** Opening Data block **

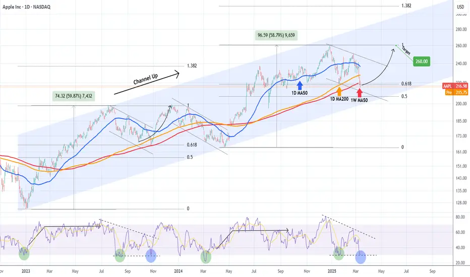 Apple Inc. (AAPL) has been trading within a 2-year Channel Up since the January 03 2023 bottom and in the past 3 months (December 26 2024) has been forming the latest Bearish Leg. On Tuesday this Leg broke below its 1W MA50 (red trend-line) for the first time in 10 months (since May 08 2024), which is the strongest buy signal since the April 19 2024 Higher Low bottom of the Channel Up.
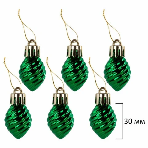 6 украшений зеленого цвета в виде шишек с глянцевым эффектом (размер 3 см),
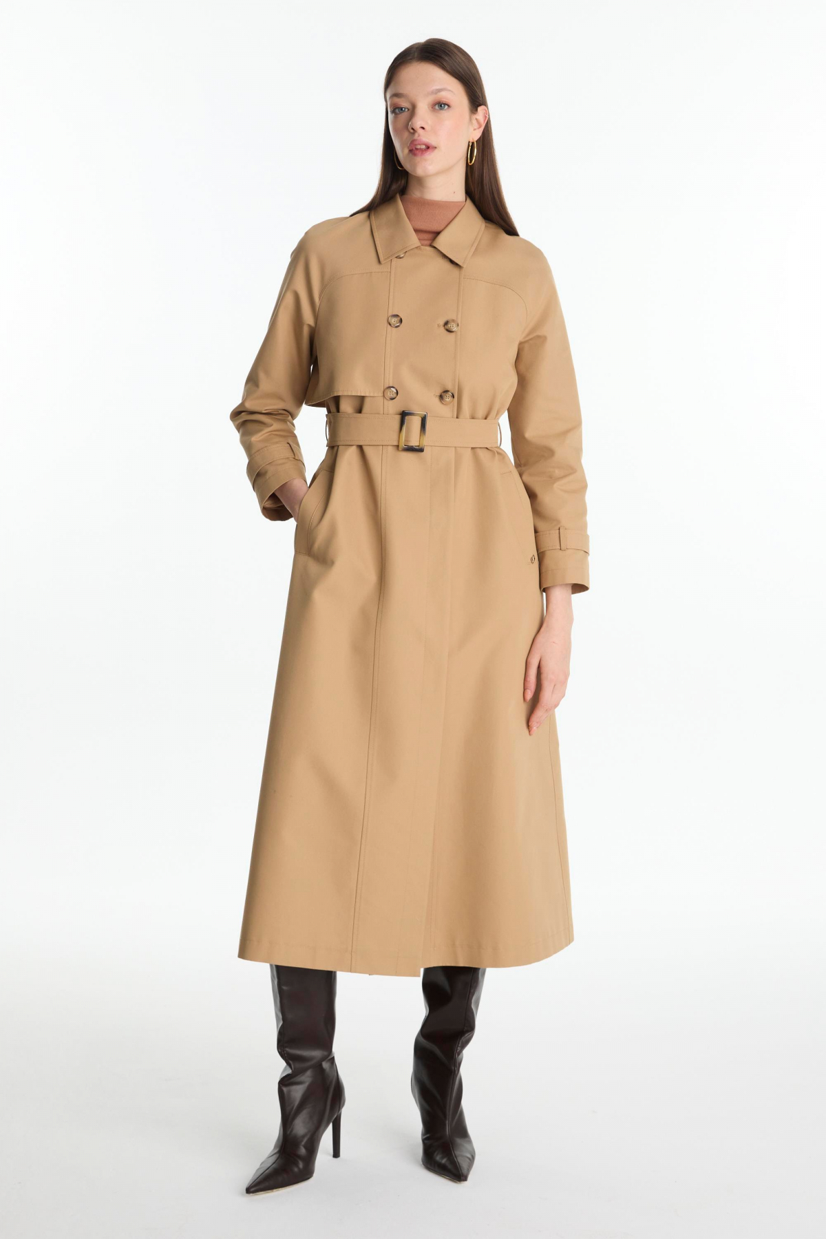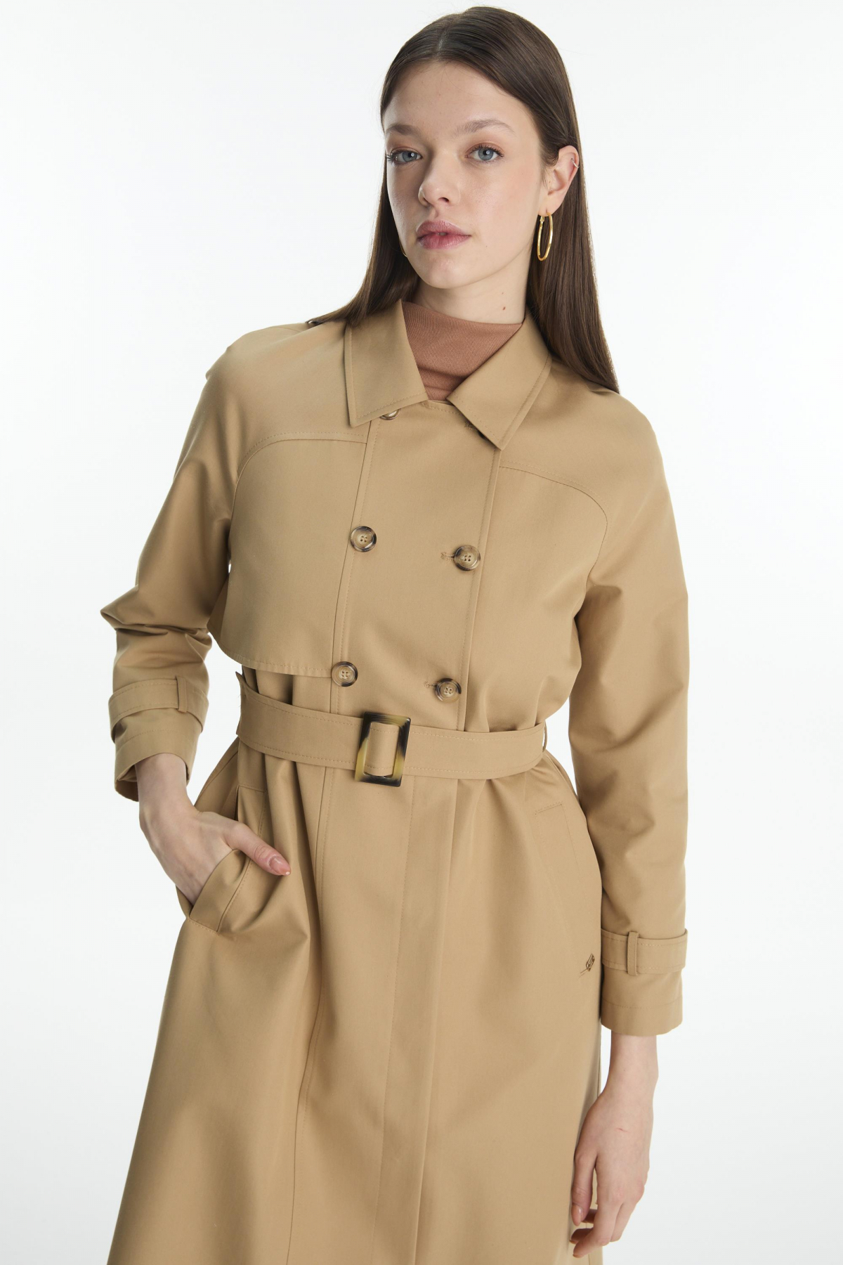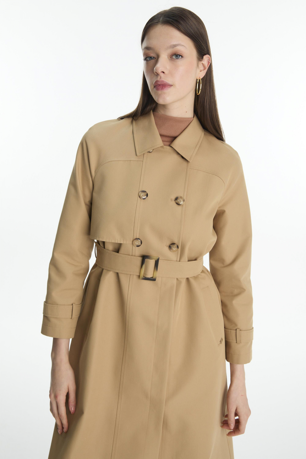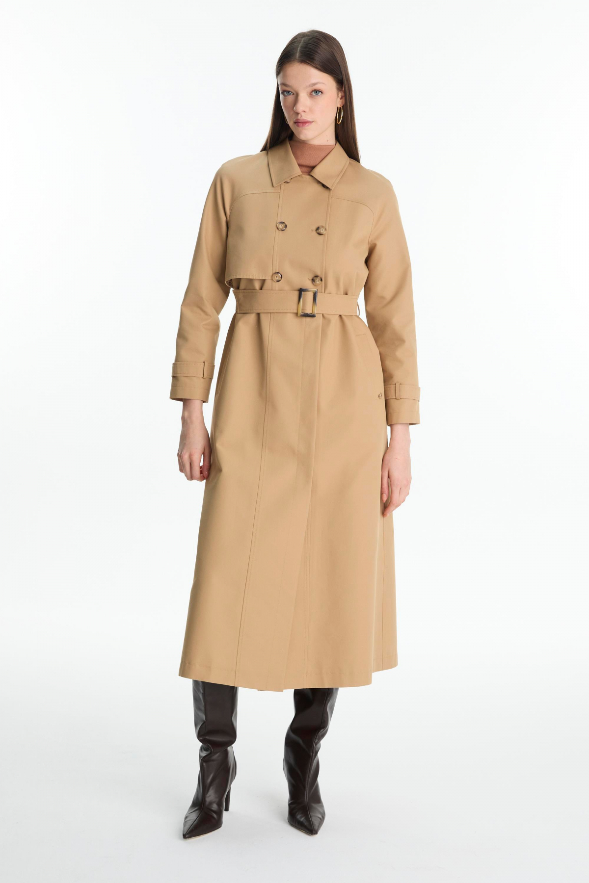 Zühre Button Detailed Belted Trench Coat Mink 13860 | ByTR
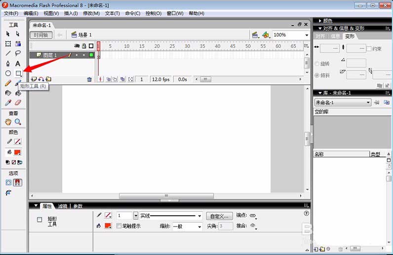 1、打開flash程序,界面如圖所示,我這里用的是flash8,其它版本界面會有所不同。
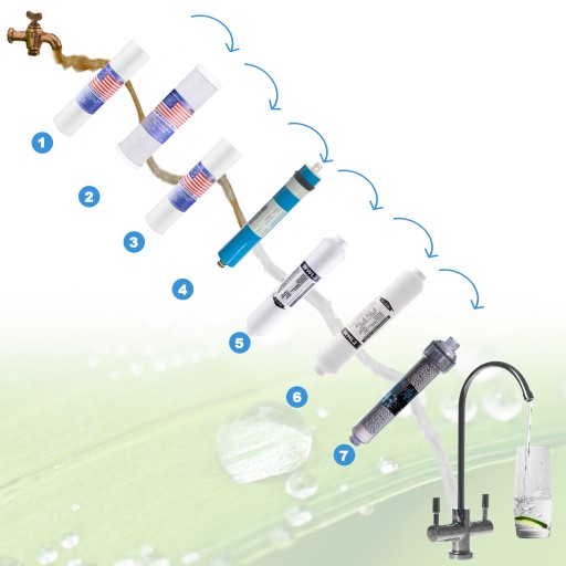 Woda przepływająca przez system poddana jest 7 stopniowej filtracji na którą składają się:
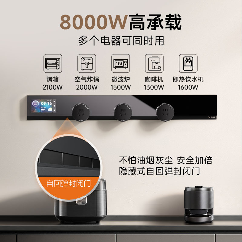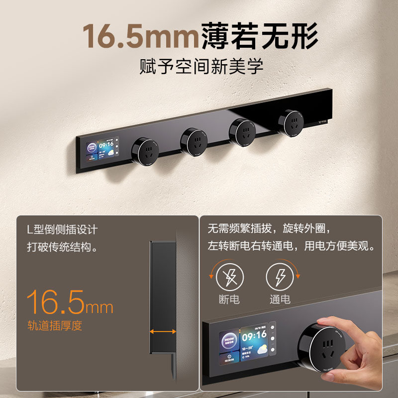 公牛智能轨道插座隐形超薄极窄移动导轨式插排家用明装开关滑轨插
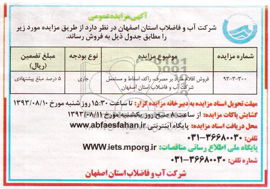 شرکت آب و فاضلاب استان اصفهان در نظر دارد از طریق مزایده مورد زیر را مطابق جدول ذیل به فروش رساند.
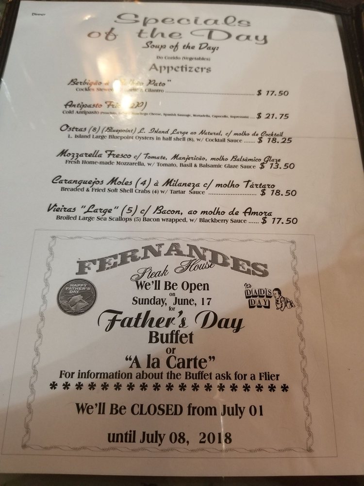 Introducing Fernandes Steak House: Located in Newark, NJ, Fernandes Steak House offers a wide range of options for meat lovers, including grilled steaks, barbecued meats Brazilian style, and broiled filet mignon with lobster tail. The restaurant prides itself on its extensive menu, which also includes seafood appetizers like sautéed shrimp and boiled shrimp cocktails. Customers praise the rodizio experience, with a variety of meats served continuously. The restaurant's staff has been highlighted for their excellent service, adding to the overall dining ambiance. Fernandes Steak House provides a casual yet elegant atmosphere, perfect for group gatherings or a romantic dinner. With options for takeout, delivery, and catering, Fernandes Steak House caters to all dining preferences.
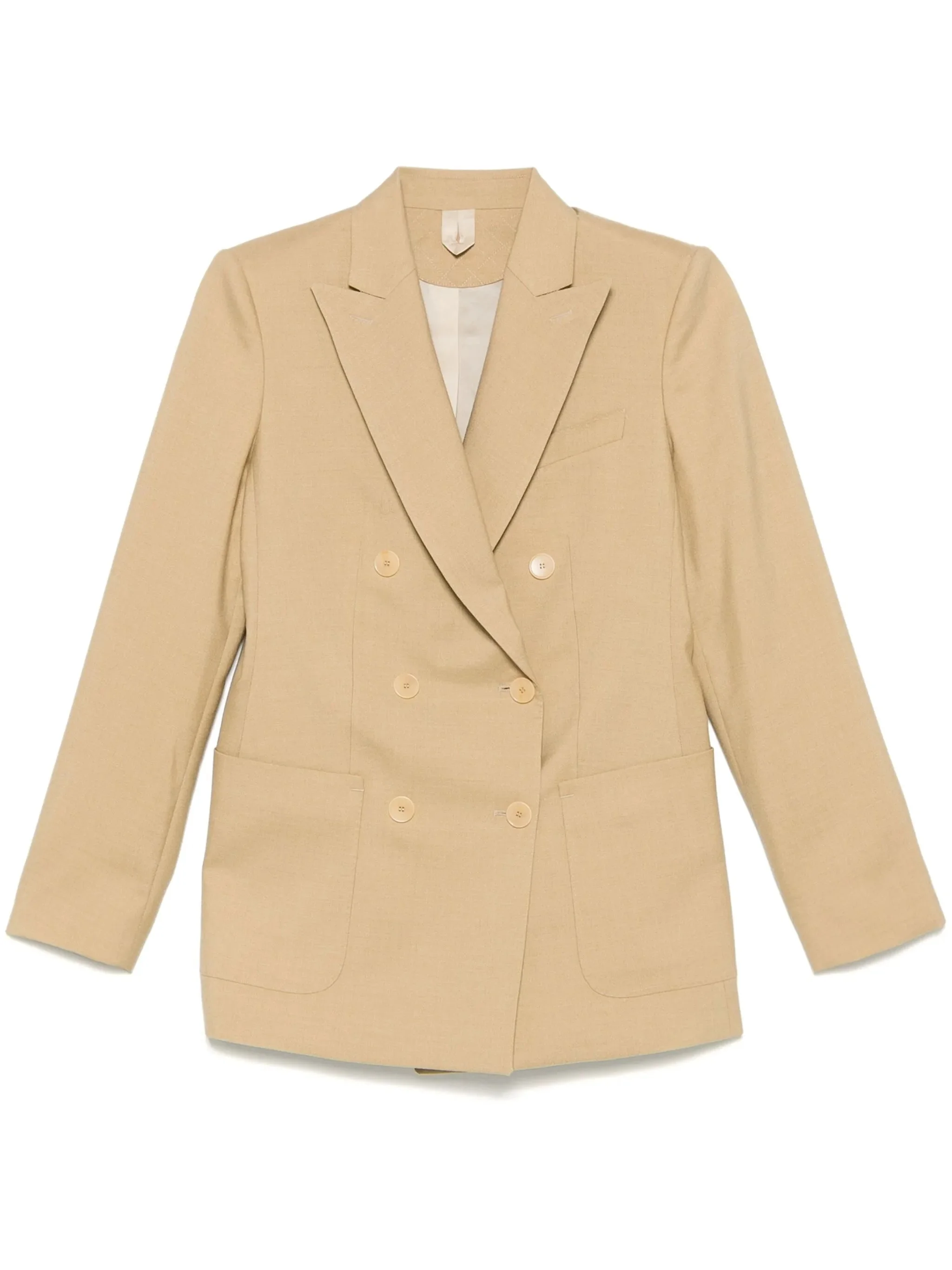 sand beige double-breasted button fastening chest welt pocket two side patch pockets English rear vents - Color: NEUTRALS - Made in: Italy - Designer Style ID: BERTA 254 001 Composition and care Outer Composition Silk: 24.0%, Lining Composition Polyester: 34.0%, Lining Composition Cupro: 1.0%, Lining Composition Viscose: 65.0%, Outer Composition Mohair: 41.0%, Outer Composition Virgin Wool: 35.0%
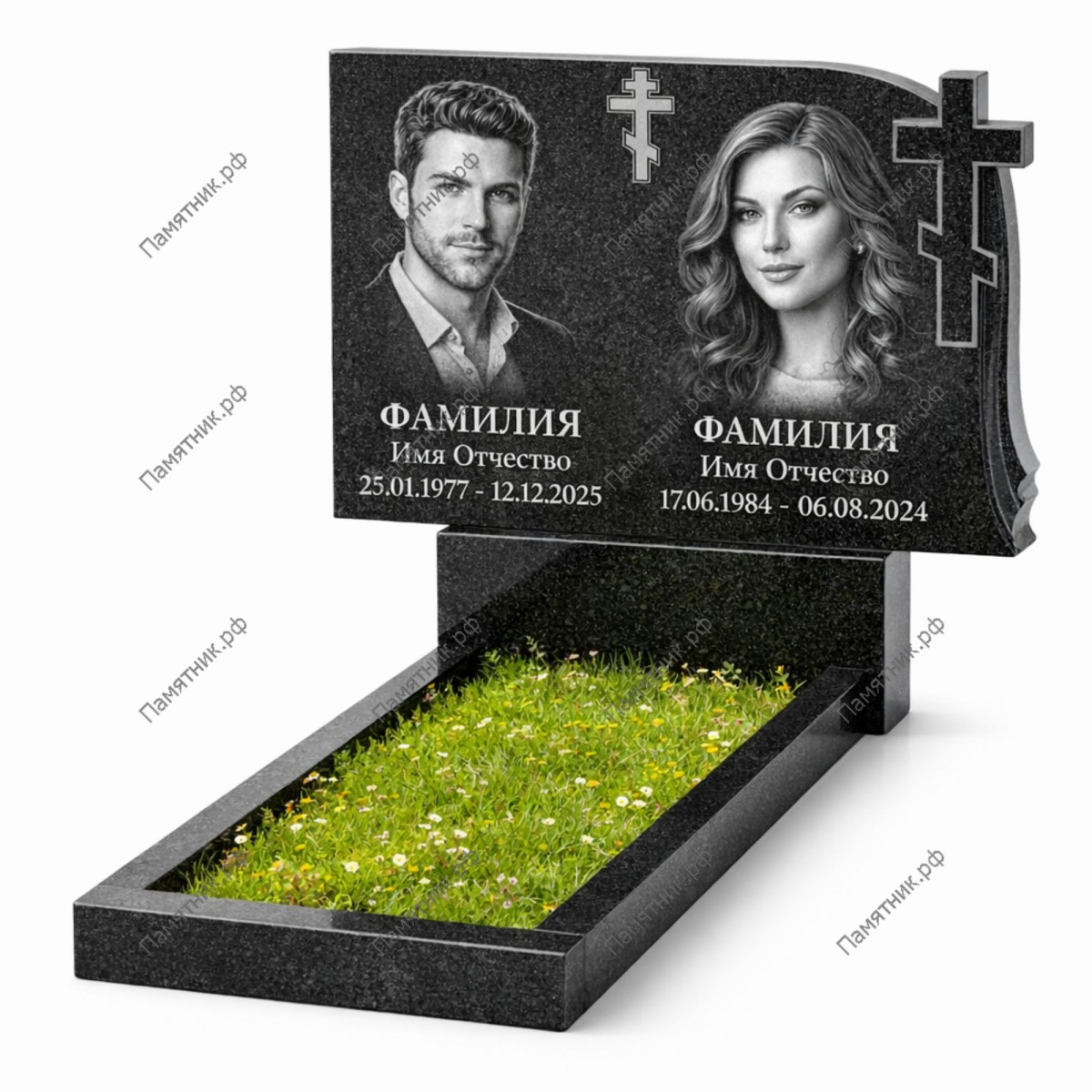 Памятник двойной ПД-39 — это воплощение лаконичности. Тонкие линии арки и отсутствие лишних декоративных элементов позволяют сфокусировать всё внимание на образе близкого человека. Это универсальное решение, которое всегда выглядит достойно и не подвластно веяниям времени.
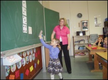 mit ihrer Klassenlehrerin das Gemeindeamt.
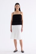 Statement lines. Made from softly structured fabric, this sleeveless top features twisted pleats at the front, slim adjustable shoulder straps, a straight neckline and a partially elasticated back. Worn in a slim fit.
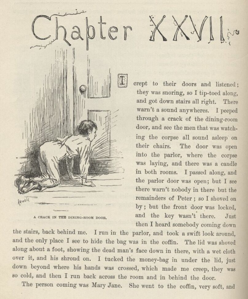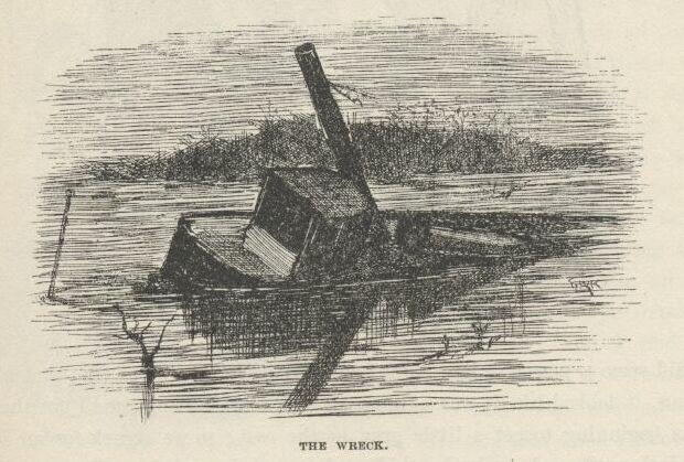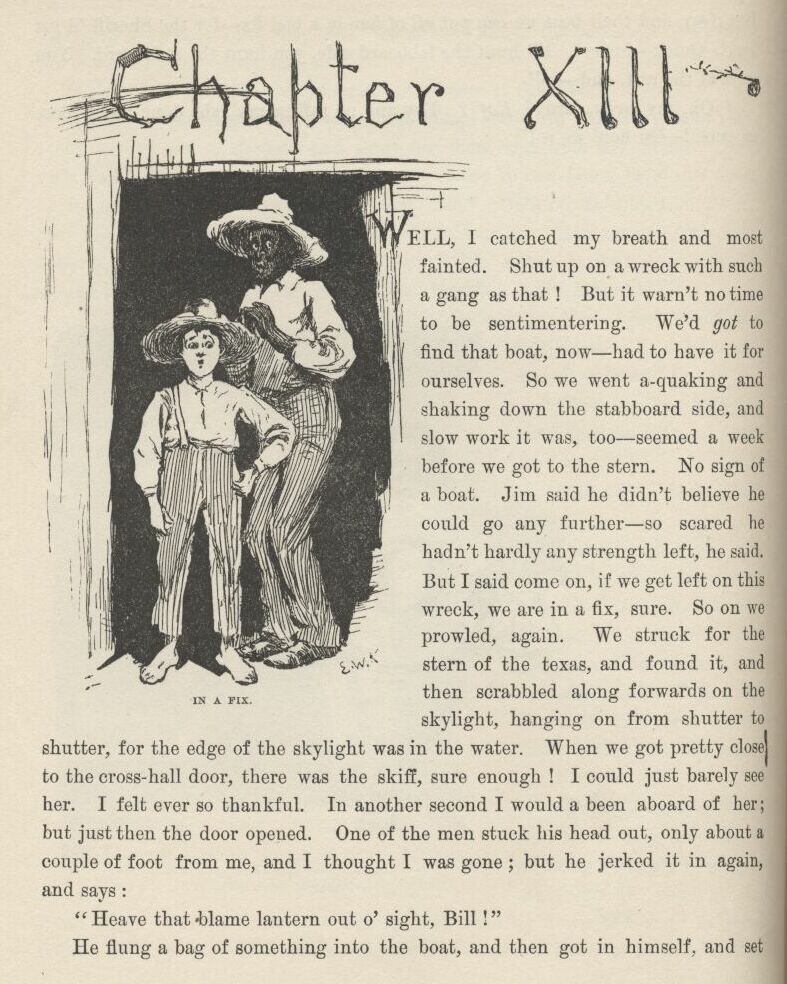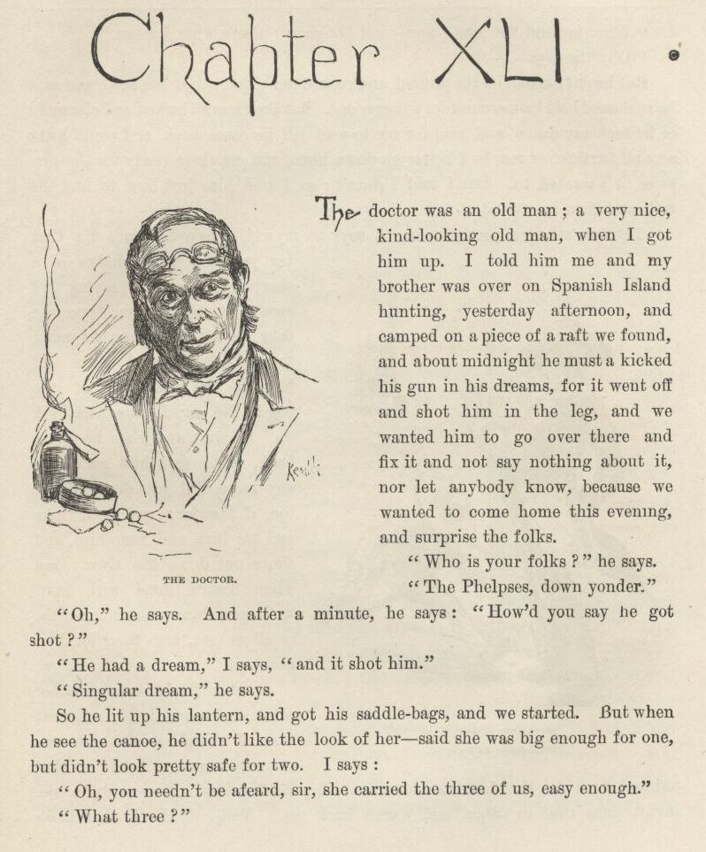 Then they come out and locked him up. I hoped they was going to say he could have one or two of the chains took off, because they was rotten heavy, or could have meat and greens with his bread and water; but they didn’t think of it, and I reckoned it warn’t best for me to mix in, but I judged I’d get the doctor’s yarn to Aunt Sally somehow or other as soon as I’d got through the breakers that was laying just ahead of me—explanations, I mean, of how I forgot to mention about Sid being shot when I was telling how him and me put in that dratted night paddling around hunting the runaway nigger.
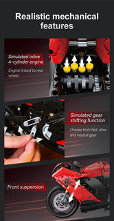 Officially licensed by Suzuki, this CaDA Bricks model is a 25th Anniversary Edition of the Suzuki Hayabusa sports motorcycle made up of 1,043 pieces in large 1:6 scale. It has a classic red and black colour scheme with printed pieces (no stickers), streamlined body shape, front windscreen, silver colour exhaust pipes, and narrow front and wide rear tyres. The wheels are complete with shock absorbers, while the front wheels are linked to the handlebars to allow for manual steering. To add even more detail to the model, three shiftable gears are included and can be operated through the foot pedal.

** Closing Data block **

• [What you will do] The line containing "Statement lines. Made" marks the start: set down exactly that line and every line after it through the last line of the data, without any pictures.

• [Result of the task]
 Statement lines. Made from softly structured fabric, this sleeveless top features twisted pleats at the front, slim adjustable shoulder straps, a straight neckline and a partially elasticated back. Worn in a slim fit.
 Then they come out and locked him up. I hoped they was going to say he could have one or two of the chains took off, because they was rotten heavy, or could have meat and greens with his bread and water; but they didn’t think of it, and I reckoned it warn’t best for me to mix in, but I judged I’d get the doctor’s yarn to Aunt Sally somehow or other as soon as I’d got through the breakers that was laying just ahead of me—explanations, I mean, of how I forgot to mention about Sid being shot when I was telling how him and me put in that dratted night paddling around hunting the runaway nigger.
 Officially licensed by Suzuki, this CaDA Bricks model is a 25th Anniversary Edition of the Suzuki Hayabusa sports motorcycle made up of 1,043 pieces in large 1:6 scale. It has a classic red and black colour scheme with printed pieces (no stickers), streamlined body shape, front windscreen, silver colour exhaust pipes, and narrow front and wide rear tyres. The wheels are complete with shock absorbers, while the front wheels are linked to the handlebars to allow for manual steering. To add even more detail to the model, three shiftable gears are included and can be operated through the foot pedal.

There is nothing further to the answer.